§ WHAT NEEDS TO BE DONE
Write out again, exactly, the lines below starting at the one with "同时三个平台打通,将对起重机" and ending at the one with "There's an existing".
------------------------------------
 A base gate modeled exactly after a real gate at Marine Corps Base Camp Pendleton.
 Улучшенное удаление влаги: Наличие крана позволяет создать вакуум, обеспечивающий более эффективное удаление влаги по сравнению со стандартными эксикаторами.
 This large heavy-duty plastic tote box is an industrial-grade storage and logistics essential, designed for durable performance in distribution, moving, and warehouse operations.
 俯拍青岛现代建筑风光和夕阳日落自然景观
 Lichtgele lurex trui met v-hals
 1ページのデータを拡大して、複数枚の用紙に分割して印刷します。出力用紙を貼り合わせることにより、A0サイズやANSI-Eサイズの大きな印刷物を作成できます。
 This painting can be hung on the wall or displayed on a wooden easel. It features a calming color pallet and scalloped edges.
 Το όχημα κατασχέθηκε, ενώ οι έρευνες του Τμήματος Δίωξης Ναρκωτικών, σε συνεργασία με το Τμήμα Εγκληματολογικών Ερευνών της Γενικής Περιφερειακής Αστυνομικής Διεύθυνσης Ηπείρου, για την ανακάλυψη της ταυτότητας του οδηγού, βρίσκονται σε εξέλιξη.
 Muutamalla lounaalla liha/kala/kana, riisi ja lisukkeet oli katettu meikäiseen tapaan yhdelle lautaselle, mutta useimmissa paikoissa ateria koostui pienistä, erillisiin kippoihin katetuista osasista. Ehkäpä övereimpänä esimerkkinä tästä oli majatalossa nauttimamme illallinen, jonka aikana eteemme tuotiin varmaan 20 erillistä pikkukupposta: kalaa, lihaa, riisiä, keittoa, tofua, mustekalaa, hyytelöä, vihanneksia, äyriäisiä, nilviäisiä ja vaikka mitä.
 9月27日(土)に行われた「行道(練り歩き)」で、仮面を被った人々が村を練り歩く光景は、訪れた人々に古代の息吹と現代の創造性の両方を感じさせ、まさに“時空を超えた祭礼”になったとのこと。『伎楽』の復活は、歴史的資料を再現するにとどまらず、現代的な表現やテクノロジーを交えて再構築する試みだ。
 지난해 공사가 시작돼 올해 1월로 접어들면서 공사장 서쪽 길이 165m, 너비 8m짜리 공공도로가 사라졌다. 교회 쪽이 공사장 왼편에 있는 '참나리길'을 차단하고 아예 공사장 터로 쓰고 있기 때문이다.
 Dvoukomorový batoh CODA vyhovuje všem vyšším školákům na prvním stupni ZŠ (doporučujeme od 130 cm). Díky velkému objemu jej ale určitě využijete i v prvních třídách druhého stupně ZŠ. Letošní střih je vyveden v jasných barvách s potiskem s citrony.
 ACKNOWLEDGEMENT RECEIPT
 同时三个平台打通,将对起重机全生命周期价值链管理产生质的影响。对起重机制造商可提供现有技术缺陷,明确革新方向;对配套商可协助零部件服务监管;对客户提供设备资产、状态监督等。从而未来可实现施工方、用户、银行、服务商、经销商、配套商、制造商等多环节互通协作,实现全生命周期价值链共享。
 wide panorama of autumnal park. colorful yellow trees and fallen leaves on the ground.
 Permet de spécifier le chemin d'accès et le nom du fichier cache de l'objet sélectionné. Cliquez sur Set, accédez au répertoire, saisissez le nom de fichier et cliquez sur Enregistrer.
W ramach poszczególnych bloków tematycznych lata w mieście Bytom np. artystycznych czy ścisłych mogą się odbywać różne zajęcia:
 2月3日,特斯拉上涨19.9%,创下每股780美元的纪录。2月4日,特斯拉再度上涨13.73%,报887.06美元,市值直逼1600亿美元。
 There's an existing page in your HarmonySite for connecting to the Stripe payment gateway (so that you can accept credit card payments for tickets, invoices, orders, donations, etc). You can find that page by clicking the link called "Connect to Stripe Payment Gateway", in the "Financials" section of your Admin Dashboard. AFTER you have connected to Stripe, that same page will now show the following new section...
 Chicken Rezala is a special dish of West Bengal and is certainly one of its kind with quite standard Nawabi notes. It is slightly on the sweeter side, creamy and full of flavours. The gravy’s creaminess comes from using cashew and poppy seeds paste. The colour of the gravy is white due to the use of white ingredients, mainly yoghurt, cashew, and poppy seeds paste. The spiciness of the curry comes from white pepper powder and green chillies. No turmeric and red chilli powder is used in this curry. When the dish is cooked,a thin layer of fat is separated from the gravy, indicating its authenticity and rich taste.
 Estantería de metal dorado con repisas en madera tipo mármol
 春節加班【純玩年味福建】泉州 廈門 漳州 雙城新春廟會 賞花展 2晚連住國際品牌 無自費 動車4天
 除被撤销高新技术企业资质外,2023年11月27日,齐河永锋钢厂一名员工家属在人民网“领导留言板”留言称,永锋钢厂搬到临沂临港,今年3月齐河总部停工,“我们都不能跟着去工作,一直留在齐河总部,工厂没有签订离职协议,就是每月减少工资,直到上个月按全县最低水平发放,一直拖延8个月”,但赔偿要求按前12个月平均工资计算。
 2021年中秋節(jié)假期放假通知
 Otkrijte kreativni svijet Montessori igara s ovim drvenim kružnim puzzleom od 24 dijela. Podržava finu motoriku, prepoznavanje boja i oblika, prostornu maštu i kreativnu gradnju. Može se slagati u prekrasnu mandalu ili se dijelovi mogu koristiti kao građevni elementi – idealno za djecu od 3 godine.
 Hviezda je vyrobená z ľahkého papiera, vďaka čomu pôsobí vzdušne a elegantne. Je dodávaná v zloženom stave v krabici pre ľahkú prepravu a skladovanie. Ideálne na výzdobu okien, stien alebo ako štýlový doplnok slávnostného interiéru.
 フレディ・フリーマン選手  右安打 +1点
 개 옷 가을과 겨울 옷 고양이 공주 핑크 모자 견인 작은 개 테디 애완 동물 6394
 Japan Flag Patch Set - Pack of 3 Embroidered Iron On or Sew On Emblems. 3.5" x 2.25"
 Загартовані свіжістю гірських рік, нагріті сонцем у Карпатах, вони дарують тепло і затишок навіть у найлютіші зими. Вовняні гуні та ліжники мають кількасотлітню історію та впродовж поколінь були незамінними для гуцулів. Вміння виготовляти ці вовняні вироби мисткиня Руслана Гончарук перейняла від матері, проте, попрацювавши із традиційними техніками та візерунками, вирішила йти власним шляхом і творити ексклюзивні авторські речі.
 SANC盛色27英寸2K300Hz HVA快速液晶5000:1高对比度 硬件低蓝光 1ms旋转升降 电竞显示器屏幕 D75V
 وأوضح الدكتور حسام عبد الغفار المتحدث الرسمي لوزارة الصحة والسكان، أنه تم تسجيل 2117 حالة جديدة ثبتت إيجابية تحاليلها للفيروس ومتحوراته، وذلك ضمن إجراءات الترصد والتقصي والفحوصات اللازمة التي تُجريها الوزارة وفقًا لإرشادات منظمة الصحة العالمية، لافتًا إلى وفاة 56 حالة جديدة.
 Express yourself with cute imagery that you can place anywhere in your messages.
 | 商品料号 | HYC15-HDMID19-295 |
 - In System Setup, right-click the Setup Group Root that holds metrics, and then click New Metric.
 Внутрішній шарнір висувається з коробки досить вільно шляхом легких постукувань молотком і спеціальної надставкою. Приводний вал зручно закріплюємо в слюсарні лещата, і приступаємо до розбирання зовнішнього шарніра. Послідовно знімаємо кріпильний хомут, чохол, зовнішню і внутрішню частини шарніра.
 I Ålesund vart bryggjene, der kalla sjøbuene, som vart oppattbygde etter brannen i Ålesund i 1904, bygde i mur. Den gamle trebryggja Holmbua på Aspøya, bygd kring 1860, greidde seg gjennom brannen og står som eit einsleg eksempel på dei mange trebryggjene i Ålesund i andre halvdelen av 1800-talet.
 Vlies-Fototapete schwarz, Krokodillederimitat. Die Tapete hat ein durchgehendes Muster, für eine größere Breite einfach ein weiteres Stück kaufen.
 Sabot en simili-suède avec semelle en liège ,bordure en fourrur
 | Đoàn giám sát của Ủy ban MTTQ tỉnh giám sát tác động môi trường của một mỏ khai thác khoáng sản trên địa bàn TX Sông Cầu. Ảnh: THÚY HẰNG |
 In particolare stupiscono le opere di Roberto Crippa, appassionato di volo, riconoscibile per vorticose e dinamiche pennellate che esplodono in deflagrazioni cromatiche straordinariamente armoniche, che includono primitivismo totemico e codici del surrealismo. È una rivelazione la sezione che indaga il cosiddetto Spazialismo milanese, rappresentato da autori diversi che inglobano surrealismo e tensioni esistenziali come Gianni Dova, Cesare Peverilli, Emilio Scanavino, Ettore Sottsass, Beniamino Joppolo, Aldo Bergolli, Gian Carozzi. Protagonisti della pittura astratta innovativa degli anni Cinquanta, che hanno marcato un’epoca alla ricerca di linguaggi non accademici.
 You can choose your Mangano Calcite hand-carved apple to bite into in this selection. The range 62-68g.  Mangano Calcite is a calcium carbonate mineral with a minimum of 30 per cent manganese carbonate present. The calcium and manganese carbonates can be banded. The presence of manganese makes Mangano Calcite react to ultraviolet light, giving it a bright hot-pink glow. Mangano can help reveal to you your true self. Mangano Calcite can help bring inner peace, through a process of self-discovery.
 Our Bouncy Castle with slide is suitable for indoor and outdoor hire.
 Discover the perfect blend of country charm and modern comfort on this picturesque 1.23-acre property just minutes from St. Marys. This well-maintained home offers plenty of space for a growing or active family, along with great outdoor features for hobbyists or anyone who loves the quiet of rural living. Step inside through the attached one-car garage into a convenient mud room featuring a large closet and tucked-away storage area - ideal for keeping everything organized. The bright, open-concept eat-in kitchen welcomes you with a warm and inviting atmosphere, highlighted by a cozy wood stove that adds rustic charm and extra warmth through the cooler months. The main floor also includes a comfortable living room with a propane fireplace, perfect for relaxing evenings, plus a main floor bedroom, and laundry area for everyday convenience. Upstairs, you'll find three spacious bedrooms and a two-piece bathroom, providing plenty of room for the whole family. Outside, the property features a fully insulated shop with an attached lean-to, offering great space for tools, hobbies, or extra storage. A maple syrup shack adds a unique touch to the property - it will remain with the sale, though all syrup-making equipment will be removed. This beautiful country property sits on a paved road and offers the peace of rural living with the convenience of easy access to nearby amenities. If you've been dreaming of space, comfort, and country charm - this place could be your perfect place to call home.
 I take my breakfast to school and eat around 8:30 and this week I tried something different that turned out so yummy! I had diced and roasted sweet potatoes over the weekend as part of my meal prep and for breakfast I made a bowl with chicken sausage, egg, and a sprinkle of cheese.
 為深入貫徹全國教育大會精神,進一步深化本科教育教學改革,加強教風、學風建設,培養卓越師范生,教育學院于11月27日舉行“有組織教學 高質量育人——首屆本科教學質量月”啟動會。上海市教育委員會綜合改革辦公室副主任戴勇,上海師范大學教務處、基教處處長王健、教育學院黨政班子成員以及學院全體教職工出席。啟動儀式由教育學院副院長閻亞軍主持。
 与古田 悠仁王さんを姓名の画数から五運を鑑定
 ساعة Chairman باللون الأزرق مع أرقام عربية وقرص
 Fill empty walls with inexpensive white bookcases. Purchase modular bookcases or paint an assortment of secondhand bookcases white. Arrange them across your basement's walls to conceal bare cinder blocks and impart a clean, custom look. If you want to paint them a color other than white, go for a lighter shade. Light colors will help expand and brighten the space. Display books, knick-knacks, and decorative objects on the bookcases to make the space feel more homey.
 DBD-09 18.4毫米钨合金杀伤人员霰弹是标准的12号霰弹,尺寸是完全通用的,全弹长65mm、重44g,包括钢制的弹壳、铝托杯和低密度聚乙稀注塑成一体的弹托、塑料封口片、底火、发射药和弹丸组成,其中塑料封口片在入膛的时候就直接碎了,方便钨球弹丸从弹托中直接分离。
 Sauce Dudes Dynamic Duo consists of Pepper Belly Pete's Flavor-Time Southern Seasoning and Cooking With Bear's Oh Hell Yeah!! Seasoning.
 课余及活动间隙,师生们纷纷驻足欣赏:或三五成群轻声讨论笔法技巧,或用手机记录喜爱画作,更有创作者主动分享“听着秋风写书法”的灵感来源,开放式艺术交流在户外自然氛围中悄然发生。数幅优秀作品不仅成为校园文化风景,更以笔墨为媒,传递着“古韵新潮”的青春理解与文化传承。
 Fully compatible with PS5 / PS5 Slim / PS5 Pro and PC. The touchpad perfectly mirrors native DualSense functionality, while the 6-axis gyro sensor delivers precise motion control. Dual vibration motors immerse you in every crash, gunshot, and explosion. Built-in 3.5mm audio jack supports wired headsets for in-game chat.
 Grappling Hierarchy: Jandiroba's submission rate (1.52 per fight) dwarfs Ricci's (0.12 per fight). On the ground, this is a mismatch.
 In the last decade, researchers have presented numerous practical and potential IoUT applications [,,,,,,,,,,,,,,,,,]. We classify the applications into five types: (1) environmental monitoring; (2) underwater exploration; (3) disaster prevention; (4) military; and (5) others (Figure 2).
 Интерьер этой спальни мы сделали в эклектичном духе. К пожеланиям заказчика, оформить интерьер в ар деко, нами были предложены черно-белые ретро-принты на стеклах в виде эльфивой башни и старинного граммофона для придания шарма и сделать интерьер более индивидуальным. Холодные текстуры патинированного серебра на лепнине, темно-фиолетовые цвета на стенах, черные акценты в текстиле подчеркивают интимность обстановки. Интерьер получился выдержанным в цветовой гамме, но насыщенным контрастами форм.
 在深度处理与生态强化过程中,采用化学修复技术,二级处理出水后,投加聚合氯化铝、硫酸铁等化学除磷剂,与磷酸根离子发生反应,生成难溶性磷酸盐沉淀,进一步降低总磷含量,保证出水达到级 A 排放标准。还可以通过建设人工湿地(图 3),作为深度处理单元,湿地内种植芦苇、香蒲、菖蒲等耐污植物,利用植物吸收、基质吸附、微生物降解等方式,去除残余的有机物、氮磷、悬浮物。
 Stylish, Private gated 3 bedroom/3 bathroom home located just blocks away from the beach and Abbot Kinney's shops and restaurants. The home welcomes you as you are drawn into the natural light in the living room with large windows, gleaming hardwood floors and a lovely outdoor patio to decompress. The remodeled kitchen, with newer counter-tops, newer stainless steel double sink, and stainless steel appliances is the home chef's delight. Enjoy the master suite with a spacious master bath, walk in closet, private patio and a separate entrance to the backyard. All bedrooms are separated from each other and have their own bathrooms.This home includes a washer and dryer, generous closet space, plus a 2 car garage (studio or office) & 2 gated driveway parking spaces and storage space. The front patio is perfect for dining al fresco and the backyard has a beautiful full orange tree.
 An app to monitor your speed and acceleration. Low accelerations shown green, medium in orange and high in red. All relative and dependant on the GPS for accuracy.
------------------------------------
§ SOLUTION TO THE EXERCISE
 同时三个平台打通,将对起重机全生命周期价值链管理产生质的影响。对起重机制造商可提供现有技术缺陷,明确革新方向;对配套商可协助零部件服务监管;对客户提供设备资产、状态监督等。从而未来可实现施工方、用户、银行、服务商、经销商、配套商、制造商等多环节互通协作,实现全生命周期价值链共享。
 wide panorama of autumnal park. colorful yellow trees and fallen leaves on the ground.
 Permet de spécifier le chemin d'accès et le nom du fichier cache de l'objet sélectionné. Cliquez sur Set, accédez au répertoire, saisissez le nom de fichier et cliquez sur Enregistrer.
W ramach poszczególnych bloków tematycznych lata w mieście Bytom np. artystycznych czy ścisłych mogą się odbywać różne zajęcia:
 2月3日,特斯拉上涨19.9%,创下每股780美元的纪录。2月4日,特斯拉再度上涨13.73%,报887.06美元,市值直逼1600亿美元。
 There's an existing page in your HarmonySite for connecting to the Stripe payment gateway (so that you can accept credit card payments for tickets, invoices, orders, donations, etc). You can find that page by clicking the link called "Connect to Stripe Payment Gateway", in the "Financials" section of your Admin Dashboard. AFTER you have connected to Stripe, that same page will now show the following new section...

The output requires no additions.